Next, provide detailed, actionable information that will be useful to your customers right now. Inform them of any new policies that your business is adopting at this time to weather the storm and help your customers do the same.
For example, highlight any temporary offerings you are promoting, like an extension to payment deadlines or a free upgrade to a subscription. Make sure to explain how cancellations will be handled. Relay your updated company policy in detail (i.e. if you’ll be giving refunds or offering credits to be used at a later time).
Sales is at its best when helping customers to succeed. Now more than ever your priority should be supporting your customers, not trying to make a sale. The last thing you want to convey is that you’re still trying to hit your quota, make your commission and satisfy your personal needs.
Naturally, standard cold outreach won’t be appropriate at this time. At “time of writing”, there’s a lot of uncertainty, and to reach out with your usual messaging may come across as tone-deaf.
Read the market and stay attuned to social shifts. Everyone is entering uncharted territory so there will be an adjustment period. Timing, as is always the case with cold emails and calls, is crucial.

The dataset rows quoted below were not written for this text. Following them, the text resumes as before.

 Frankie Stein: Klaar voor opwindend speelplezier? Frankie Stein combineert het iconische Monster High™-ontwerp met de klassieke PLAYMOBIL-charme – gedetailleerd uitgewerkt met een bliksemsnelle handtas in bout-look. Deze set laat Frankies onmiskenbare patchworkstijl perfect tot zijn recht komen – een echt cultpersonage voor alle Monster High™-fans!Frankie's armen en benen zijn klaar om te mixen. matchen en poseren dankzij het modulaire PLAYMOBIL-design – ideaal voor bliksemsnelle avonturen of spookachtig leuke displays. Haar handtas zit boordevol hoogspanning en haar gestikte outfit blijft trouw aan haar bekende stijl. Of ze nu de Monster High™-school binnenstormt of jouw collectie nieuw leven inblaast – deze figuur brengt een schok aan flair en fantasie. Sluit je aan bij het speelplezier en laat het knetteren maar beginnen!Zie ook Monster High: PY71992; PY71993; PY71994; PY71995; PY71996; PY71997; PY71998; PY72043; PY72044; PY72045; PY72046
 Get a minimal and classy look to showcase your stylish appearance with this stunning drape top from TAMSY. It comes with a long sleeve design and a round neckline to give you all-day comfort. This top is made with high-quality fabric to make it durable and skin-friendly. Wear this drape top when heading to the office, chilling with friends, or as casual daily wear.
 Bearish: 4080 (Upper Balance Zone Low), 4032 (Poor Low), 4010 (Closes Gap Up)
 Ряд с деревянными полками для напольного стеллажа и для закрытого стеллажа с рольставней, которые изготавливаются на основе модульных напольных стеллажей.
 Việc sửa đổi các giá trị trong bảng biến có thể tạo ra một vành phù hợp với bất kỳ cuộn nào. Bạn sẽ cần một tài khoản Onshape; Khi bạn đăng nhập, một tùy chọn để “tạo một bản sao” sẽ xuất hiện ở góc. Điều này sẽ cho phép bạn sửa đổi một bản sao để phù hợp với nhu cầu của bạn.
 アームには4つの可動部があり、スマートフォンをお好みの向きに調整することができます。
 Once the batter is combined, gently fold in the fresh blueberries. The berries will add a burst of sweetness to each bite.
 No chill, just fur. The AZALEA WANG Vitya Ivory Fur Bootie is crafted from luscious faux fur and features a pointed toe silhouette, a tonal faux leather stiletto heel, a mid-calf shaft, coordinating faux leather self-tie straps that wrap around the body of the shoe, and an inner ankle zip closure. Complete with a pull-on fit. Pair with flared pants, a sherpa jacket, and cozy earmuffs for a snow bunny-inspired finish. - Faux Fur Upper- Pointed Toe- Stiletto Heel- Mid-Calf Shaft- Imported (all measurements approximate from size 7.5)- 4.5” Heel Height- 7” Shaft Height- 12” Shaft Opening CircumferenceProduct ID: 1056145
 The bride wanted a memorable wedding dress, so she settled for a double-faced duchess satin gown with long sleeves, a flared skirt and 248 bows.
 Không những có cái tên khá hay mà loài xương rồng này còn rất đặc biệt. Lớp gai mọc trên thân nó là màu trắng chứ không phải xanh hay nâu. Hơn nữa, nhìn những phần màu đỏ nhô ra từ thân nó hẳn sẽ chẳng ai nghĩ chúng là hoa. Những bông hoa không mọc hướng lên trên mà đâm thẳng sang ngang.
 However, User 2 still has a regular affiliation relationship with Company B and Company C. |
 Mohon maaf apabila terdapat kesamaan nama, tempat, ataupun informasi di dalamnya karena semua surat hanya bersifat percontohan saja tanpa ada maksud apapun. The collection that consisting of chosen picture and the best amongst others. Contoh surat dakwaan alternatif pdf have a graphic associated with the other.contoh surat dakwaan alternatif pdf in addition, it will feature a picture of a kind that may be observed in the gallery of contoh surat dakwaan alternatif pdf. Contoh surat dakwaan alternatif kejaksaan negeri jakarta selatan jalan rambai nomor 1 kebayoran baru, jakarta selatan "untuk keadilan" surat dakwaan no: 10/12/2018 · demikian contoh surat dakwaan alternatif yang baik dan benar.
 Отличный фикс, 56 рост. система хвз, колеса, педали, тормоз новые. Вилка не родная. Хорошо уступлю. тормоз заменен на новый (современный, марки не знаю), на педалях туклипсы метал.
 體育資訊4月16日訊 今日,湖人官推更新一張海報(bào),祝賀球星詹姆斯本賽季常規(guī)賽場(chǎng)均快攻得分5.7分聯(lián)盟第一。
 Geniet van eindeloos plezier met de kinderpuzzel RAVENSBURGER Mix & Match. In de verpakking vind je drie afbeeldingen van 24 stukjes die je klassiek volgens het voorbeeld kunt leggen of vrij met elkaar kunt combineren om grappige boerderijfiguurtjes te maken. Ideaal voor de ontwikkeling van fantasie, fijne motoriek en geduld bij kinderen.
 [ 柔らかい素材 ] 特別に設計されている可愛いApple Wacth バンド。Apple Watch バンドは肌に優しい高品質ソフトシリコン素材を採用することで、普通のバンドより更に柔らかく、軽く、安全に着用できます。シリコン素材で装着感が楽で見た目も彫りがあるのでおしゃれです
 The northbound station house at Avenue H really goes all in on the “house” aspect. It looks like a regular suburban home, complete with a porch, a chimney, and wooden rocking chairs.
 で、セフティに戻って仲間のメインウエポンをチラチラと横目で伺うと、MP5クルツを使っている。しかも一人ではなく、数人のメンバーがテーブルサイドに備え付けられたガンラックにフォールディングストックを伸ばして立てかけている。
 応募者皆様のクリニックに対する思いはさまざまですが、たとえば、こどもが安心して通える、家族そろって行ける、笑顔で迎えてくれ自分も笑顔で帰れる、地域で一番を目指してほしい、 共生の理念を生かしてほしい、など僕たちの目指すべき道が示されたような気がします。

When a sense of normalcy begins to set in, it’s more appropriate to reach out. Your messaging should be adjusted accordingly, however. Acknowledge that this climate may be the new normal for some time and assure your customers that you’re going to do your best to adapt and continue providing a service.
We are all in this together and you are here to help. Therefore, the best cold emails and calls will be those that truly add value in a time when your prospects need it. Ask yourself what businesses need the most right now. Then follow through with valuable, targeted messaging.
For example, if you have a product or service that can help remote-work teams boost productivity, now is a great time to highlight that solution, or the features specific to solving this pain point. Consider offering a special promotion on that product and include those details in the outreach.
By taking this approach, you are able to serve and sell in tandem, creating an ideal scenario for both your business and your customers in need.
The best way to help your salespeople manage their customers is by taking a top-down approach. Your internal communications should be as compassionate as your external outreach.
Remember that your reps will have varying reactions to this health crisis. Some may be struggling more than others and in need of additional support. Set the tone by acting as a pillar of strength and offer guidance. Your reps are likely to mirror this behavior with their customers and represent your business as a reliable, trusted resource.
Relay to your team that messaging must focus on safety first and business second. Reassure your reps that their pipelines may struggle for a while, and that it’s ok. They will bounce back stronger than ever if they show their customers that they can serve them when they need it most.
Additionally, make sure that your digital channels are up to date and accurate. This way, your reps can easily direct their customers to the products and services that align with their most immediate needs.
What do you have in your wheelhouse that can help your clients get through this time? Perhaps a product, service, feature or piece of content from the past is the most relevant and important to aid customers through the present situation.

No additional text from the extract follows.